▽

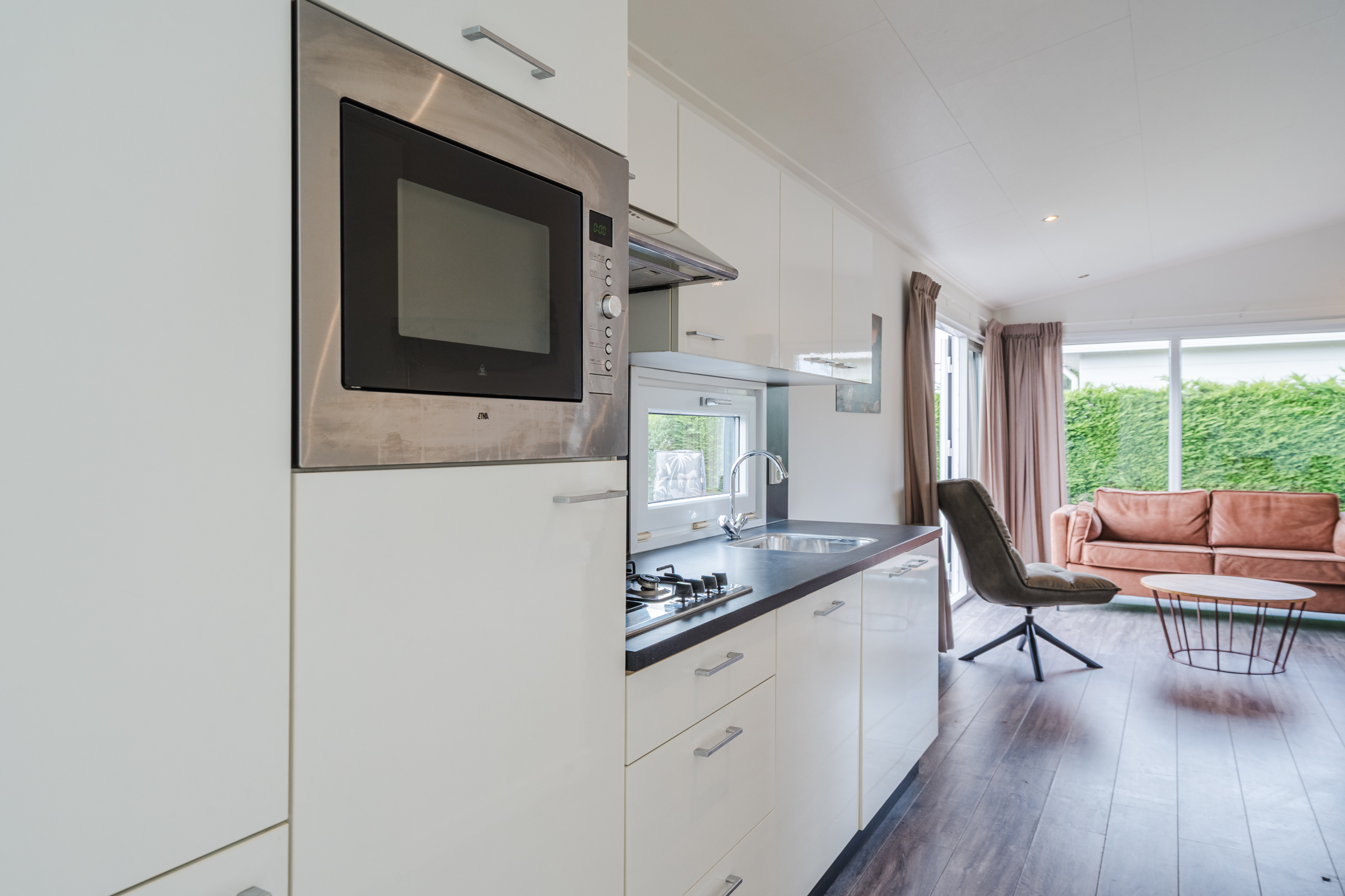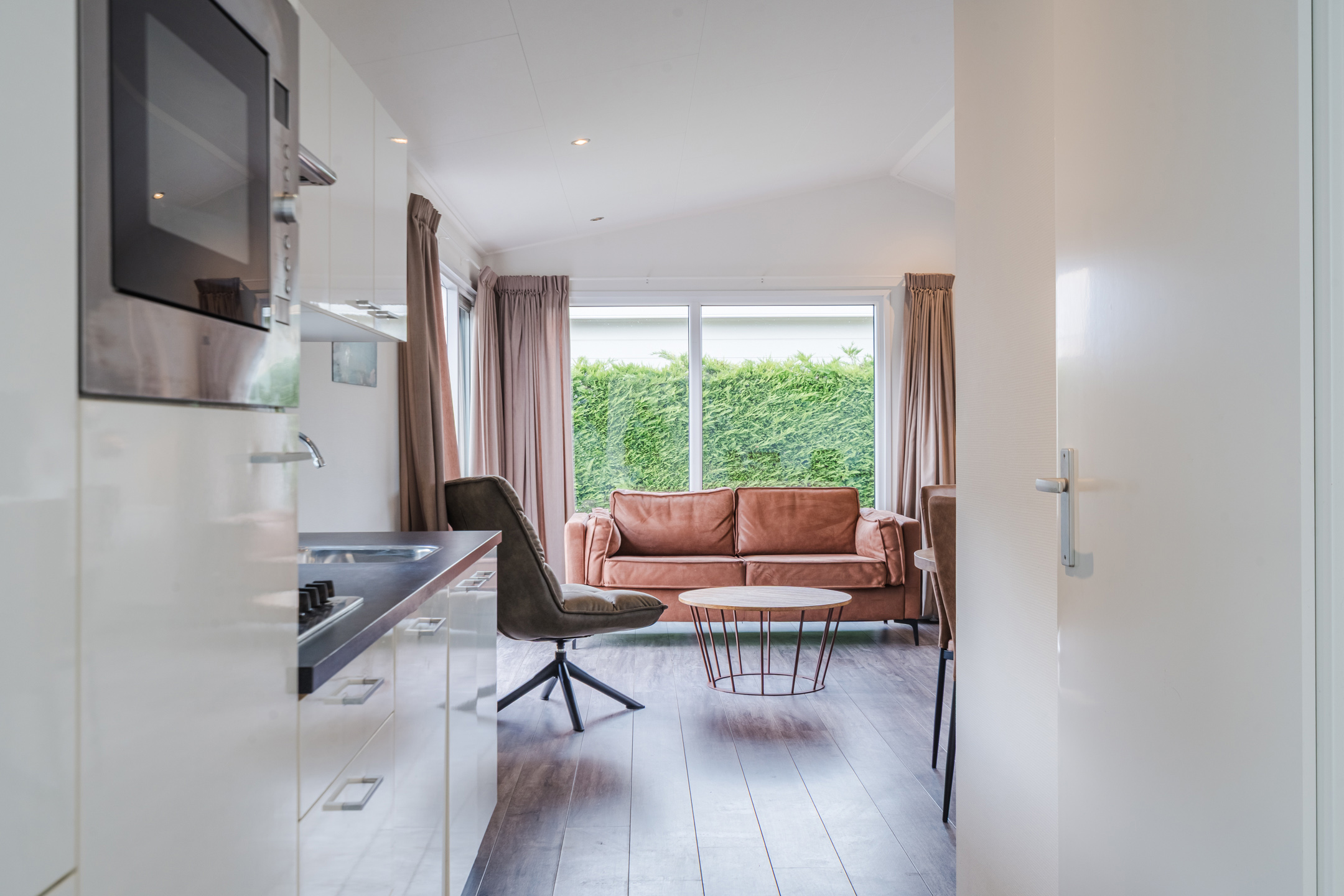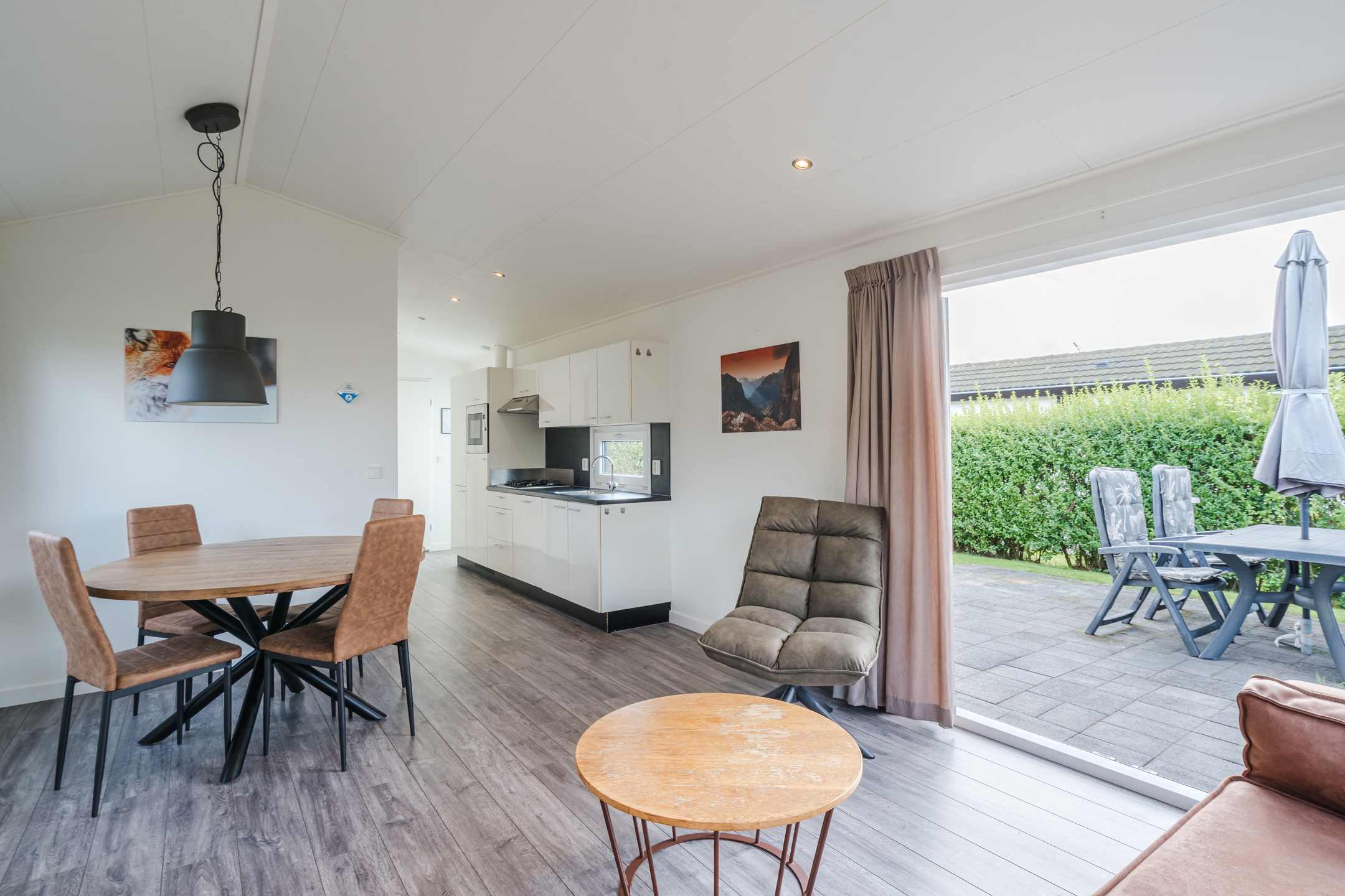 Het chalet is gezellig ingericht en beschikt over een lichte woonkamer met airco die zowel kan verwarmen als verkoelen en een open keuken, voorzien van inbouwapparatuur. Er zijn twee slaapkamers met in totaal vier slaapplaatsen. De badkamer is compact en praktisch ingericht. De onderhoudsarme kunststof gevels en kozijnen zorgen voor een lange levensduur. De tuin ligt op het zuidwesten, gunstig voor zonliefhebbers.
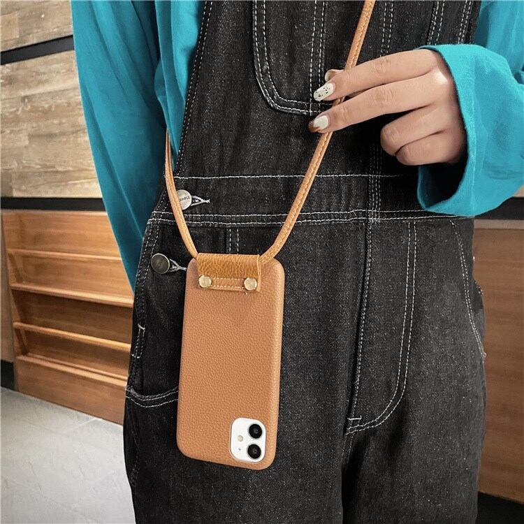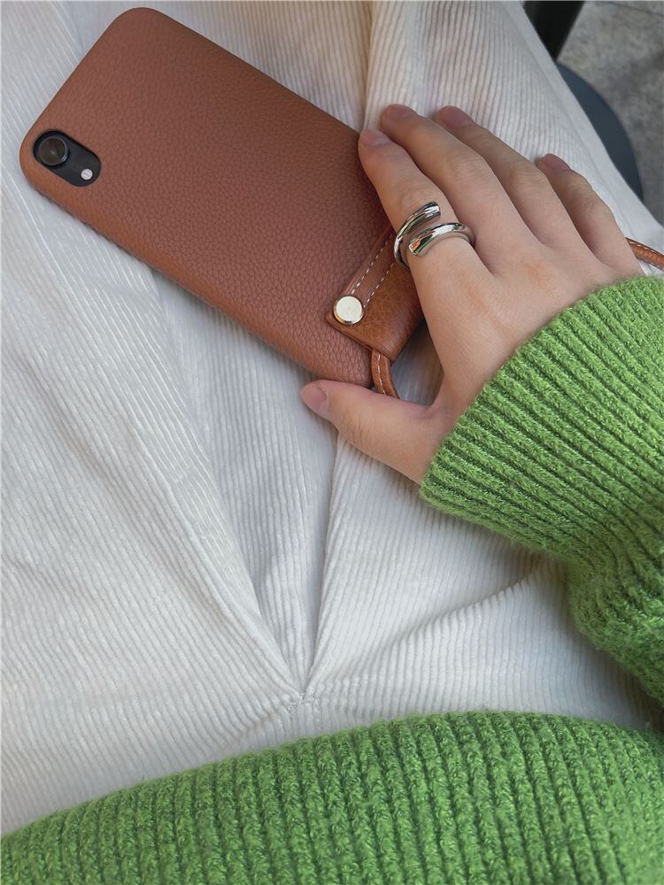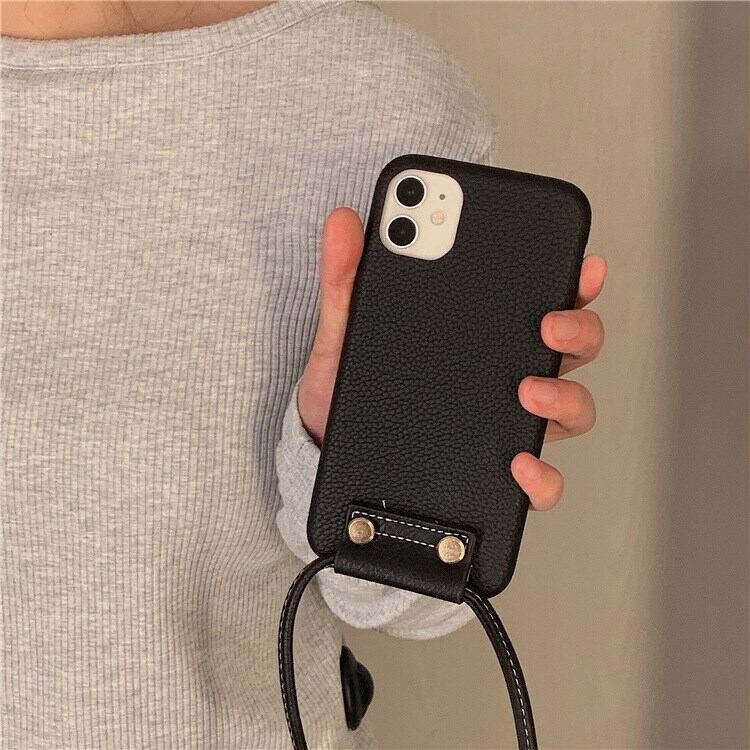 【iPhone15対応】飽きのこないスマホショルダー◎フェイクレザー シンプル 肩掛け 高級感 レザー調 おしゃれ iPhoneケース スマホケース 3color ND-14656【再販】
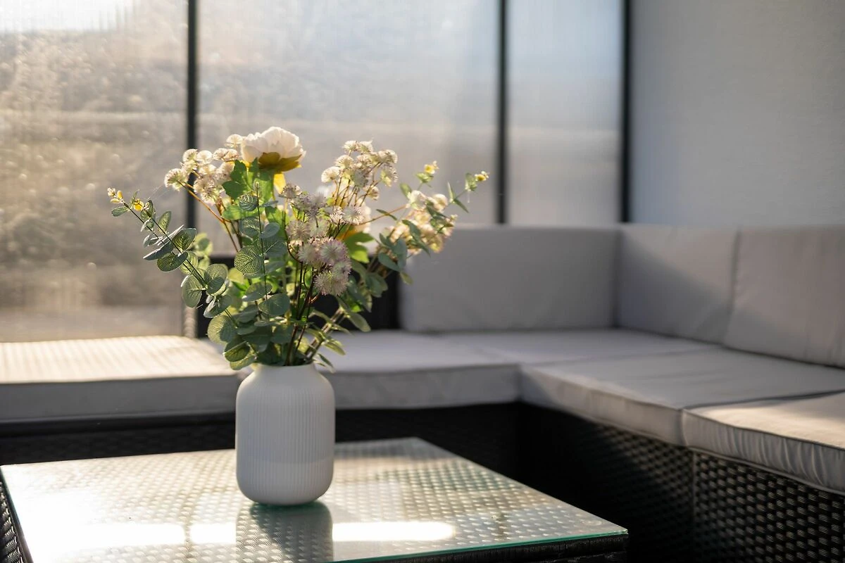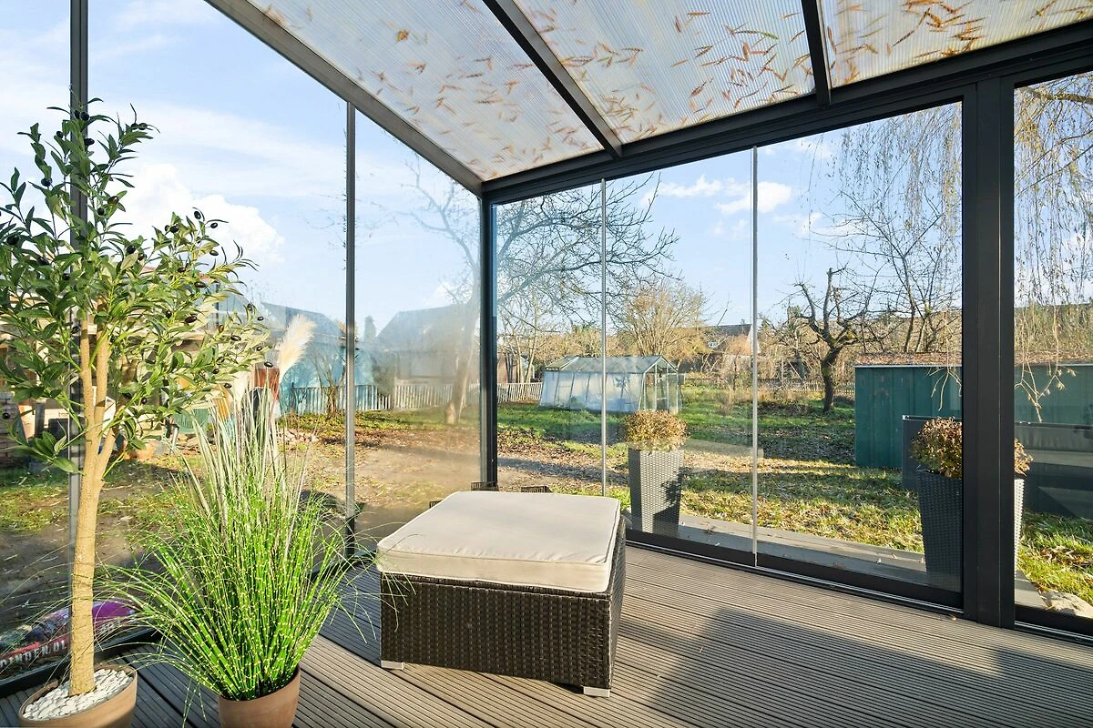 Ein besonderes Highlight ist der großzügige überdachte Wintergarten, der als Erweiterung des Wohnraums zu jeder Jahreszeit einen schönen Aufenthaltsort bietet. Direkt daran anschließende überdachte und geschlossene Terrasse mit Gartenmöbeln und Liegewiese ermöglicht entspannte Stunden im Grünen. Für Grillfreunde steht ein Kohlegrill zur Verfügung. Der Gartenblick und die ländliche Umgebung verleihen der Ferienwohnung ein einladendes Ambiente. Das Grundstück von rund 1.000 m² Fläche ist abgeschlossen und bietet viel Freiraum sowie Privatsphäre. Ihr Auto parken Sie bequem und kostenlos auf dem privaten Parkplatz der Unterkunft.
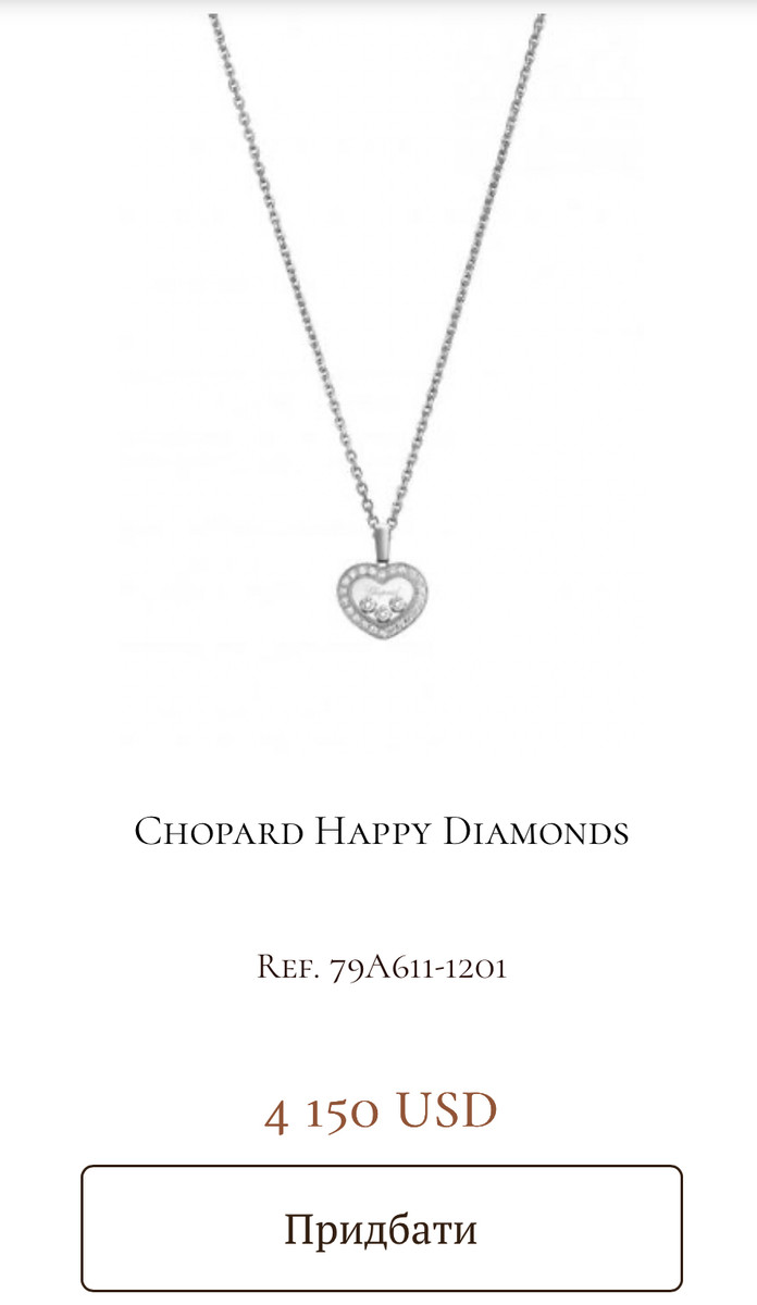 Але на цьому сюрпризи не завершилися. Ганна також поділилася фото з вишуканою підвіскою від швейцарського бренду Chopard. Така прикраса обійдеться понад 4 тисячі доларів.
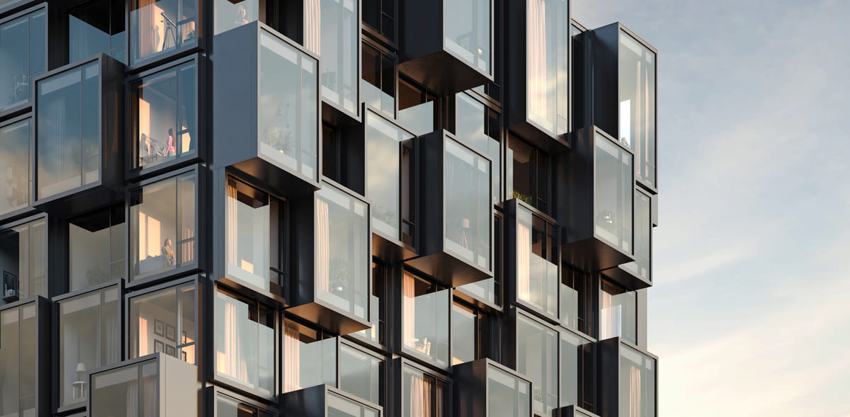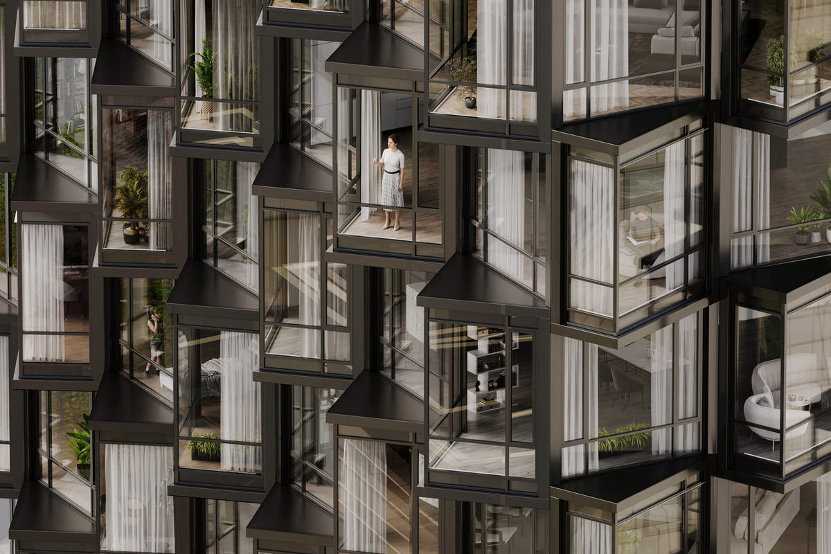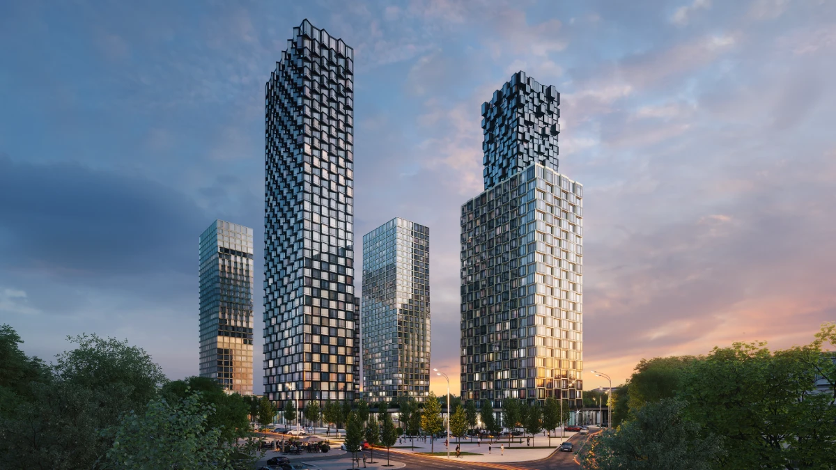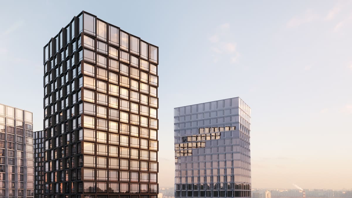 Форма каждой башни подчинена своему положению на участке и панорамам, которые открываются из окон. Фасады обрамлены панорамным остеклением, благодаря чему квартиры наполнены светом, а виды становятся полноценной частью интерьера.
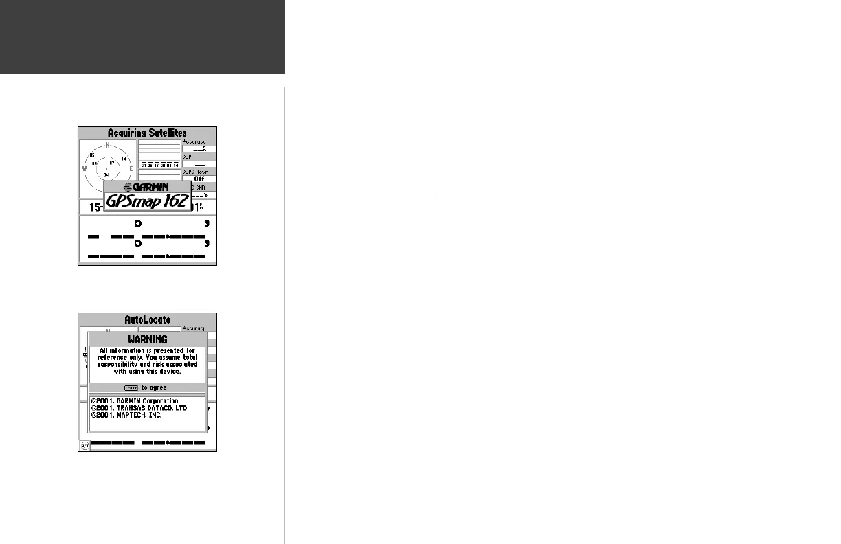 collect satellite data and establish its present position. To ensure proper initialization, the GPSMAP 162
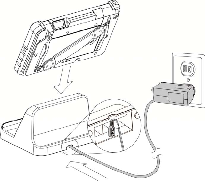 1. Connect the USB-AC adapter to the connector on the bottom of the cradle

△

→ What this task involves:
Everything from the first line of the entries through the line that contains "スマホケース 3color ND-14656【再販】" is to be reproduced exactly, except the pictures.

→ Your solution:
 Het chalet is gezellig ingericht en beschikt over een lichte woonkamer met airco die zowel kan verwarmen als verkoelen en een open keuken, voorzien van inbouwapparatuur. Er zijn twee slaapkamers met in totaal vier slaapplaatsen. De badkamer is compact en praktisch ingericht. De onderhoudsarme kunststof gevels en kozijnen zorgen voor een lange levensduur. De tuin ligt op het zuidwesten, gunstig voor zonliefhebbers.
 【iPhone15対応】飽きのこないスマホショルダー◎フェイクレザー シンプル 肩掛け 高級感 レザー調 おしゃれ iPhoneケース スマホケース 3color ND-14656【再販】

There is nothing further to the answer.